During that time my friend was living in a burn unit in another state, many of us here at home wondered what we could do. I know some of us sent food packages and cards, but it felt lame. Then when they were transferred back, we felt like we wanted to DO something. But it’s so hard to know what to do, so we reached out and texted and emailed and offered…and felt lame.

So it was with HUGE relief and delight that I finally received the call for practical assistance: with all of this, they are also in the midst of selling their place and moving to a new home several hours away, and so, my friend asked for help packing. She can’t get much done with her toddler requiring bandage care and pain meds and feeding and everything…

Packing! Yes! I can DO that. I can pack a house with one hand tied behind my back. Ha. Since I graduated from college, I’ve had 10 major moves, 6 of them between different states. I know from packing.

So I stopped at Home Depot, picked up a bunch of boxes, packing paper, bubble wrap, and packing tape, and set off to be Helpful. And it felt sooo good to be able to DO something.

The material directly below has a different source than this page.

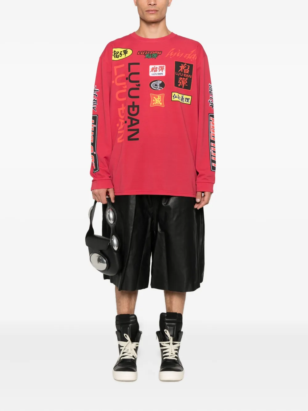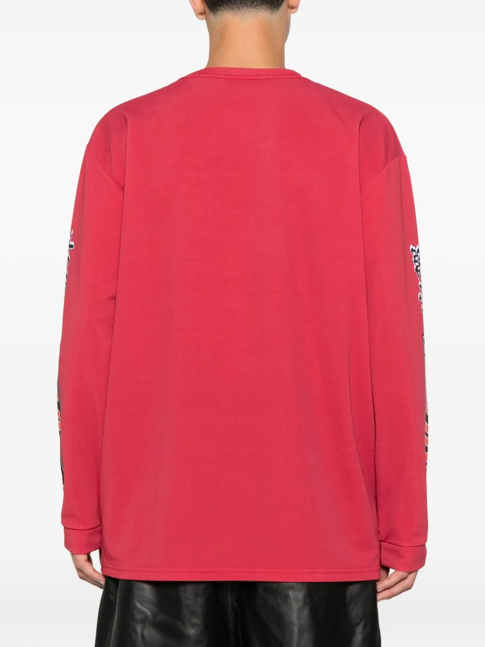 Красный, с длинными рукавами, круглым вырезом, графическим принтом, несколькими нашивками с логотипом, текстовым принтом

It was also so wonderfully heartwarming to witness this adorable toddler’s resilience firsthand: even with huge, club-like bandages on both arms, with a plastic-wrap-like outer covering to hold the moisture of the wet dressings in, he picks things up, he pushes his racecars, arranges his Little People. Heck, he draws! He clamped those determined arms around a chunky blue crayon, squatted down over a piece of paper on the floor and DREW, dammit. And if he couldn’t pick something up with his arms, like his favorite lovey which is sort of like a blankie, he leaned down to grasp it and carry it with his mouth. He’s learned how to eat that way, with his food elevated on an upside-down Tupperware on his high chair tray. I’m telling you, this kid cannot be stopped!

Very impressive. And cute.

I’m not sure many of us adults could handle the situation as well as he is. It’s a lesson, and he’s an inspiration.

I made myself helpful for a few hours, but really, it was me that was helped.